Task → Word for word, restate the lines from the start of the data down to the line with "The Evolution of", both included.

Provided information →
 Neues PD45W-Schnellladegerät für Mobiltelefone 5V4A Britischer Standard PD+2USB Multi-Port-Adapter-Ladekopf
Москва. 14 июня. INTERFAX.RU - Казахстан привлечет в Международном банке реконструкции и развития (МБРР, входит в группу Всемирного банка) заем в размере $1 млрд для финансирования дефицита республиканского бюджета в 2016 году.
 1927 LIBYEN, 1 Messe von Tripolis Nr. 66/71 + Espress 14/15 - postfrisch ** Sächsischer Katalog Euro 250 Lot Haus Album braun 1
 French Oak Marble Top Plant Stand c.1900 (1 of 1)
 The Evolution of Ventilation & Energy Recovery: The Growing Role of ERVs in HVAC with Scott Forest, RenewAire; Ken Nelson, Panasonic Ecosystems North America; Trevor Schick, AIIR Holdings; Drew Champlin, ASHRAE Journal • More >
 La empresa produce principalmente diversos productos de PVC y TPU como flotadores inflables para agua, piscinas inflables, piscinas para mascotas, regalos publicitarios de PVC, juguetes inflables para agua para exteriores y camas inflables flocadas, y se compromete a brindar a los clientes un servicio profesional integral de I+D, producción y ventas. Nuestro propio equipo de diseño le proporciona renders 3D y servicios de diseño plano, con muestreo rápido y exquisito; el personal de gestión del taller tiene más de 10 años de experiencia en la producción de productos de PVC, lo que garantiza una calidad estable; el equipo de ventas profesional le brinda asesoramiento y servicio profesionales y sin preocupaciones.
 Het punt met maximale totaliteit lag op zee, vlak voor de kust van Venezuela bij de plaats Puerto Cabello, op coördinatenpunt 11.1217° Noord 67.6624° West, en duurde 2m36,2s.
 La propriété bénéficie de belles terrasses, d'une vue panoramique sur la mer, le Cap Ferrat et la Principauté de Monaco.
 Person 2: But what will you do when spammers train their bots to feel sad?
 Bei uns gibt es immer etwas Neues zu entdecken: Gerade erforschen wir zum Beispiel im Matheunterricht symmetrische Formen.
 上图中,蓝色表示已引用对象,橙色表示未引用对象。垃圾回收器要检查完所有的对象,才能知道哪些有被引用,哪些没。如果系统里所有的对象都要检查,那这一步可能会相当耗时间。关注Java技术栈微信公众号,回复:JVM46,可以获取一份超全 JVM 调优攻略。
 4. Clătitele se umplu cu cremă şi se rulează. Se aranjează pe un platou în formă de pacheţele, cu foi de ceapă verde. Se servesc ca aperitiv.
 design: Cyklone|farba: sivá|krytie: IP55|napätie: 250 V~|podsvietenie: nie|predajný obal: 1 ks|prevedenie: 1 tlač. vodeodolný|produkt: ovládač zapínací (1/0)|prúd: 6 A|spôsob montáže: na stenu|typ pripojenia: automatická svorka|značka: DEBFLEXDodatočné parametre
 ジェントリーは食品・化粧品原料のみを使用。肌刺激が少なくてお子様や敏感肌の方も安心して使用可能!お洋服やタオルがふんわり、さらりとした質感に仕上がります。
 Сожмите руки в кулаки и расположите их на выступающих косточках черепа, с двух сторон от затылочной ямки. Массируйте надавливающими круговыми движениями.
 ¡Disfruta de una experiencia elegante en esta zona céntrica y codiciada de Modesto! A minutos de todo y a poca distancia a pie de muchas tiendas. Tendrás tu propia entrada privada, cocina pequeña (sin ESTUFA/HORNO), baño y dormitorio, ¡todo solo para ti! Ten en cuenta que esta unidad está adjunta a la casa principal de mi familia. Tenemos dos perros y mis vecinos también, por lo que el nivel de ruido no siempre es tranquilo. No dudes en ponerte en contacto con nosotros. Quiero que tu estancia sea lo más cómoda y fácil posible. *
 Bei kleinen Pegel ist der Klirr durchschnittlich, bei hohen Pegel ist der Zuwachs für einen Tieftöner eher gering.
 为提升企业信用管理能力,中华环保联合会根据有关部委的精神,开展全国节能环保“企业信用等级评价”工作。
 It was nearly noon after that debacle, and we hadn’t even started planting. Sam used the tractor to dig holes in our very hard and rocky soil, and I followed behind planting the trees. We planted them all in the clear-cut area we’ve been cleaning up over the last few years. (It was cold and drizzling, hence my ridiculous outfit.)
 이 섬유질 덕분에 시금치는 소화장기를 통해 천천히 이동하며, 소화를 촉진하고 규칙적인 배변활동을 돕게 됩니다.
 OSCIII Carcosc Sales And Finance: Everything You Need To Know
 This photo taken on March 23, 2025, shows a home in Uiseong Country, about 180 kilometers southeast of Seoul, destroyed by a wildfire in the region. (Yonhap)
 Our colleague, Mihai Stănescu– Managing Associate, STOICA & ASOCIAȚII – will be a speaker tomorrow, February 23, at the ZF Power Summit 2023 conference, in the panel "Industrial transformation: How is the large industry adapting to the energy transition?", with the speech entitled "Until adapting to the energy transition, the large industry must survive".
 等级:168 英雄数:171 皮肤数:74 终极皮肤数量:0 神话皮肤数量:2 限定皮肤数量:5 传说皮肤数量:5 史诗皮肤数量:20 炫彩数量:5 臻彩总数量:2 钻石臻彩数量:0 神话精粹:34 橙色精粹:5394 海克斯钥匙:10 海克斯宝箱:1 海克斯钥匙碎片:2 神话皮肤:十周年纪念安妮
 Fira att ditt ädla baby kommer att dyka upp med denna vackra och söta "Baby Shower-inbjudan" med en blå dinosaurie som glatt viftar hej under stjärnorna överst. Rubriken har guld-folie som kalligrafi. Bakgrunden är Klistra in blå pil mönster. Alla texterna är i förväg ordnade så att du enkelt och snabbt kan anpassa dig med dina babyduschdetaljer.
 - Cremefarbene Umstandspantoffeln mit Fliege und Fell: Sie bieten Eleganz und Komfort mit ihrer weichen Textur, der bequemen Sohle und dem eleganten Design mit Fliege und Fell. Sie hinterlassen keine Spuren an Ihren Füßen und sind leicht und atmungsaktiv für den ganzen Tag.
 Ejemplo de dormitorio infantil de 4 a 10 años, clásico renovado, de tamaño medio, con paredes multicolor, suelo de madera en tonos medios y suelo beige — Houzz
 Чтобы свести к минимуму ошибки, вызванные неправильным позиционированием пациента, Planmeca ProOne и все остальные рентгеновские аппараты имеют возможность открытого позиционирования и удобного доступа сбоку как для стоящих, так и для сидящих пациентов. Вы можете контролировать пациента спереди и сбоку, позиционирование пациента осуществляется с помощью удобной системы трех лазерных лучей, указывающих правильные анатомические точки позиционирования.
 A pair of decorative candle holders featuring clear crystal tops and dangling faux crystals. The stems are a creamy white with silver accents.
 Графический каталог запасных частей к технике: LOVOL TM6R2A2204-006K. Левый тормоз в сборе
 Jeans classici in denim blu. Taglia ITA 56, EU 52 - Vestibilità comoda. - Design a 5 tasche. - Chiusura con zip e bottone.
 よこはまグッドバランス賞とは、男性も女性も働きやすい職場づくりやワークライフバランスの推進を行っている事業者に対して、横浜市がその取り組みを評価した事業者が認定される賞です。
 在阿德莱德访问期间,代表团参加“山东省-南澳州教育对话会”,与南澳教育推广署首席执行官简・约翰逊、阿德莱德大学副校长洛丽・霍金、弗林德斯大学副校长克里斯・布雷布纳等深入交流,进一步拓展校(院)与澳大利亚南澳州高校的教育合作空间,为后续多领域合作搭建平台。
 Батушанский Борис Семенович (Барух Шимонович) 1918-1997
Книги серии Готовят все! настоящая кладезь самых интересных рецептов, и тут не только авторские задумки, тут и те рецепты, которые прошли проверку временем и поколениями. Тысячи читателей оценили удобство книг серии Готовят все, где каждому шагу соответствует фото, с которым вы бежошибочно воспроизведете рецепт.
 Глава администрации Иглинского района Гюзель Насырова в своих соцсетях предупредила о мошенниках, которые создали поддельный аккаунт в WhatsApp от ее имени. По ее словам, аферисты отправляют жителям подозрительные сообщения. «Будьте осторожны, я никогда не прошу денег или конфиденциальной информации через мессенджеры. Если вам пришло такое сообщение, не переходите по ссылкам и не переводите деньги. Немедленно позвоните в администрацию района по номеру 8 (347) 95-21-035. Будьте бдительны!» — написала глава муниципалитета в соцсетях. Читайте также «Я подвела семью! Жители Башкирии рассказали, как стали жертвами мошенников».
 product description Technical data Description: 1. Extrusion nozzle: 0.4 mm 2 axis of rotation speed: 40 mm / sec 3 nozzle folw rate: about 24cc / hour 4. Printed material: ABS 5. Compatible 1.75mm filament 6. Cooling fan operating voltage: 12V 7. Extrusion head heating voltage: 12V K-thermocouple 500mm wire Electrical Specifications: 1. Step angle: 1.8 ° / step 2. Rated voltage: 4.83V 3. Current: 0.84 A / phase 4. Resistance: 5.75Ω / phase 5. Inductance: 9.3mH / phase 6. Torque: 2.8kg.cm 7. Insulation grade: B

Completed exercise →
 Neues PD45W-Schnellladegerät für Mobiltelefone 5V4A Britischer Standard PD+2USB Multi-Port-Adapter-Ladekopf
Москва. 14 июня. INTERFAX.RU - Казахстан привлечет в Международном банке реконструкции и развития (МБРР, входит в группу Всемирного банка) заем в размере $1 млрд для финансирования дефицита республиканского бюджета в 2016 году.
 1927 LIBYEN, 1 Messe von Tripolis Nr. 66/71 + Espress 14/15 - postfrisch ** Sächsischer Katalog Euro 250 Lot Haus Album braun 1
 French Oak Marble Top Plant Stand c.1900 (1 of 1)
 The Evolution of Ventilation & Energy Recovery: The Growing Role of ERVs in HVAC with Scott Forest, RenewAire; Ken Nelson, Panasonic Ecosystems North America; Trevor Schick, AIIR Holdings; Drew Champlin, ASHRAE Journal • More >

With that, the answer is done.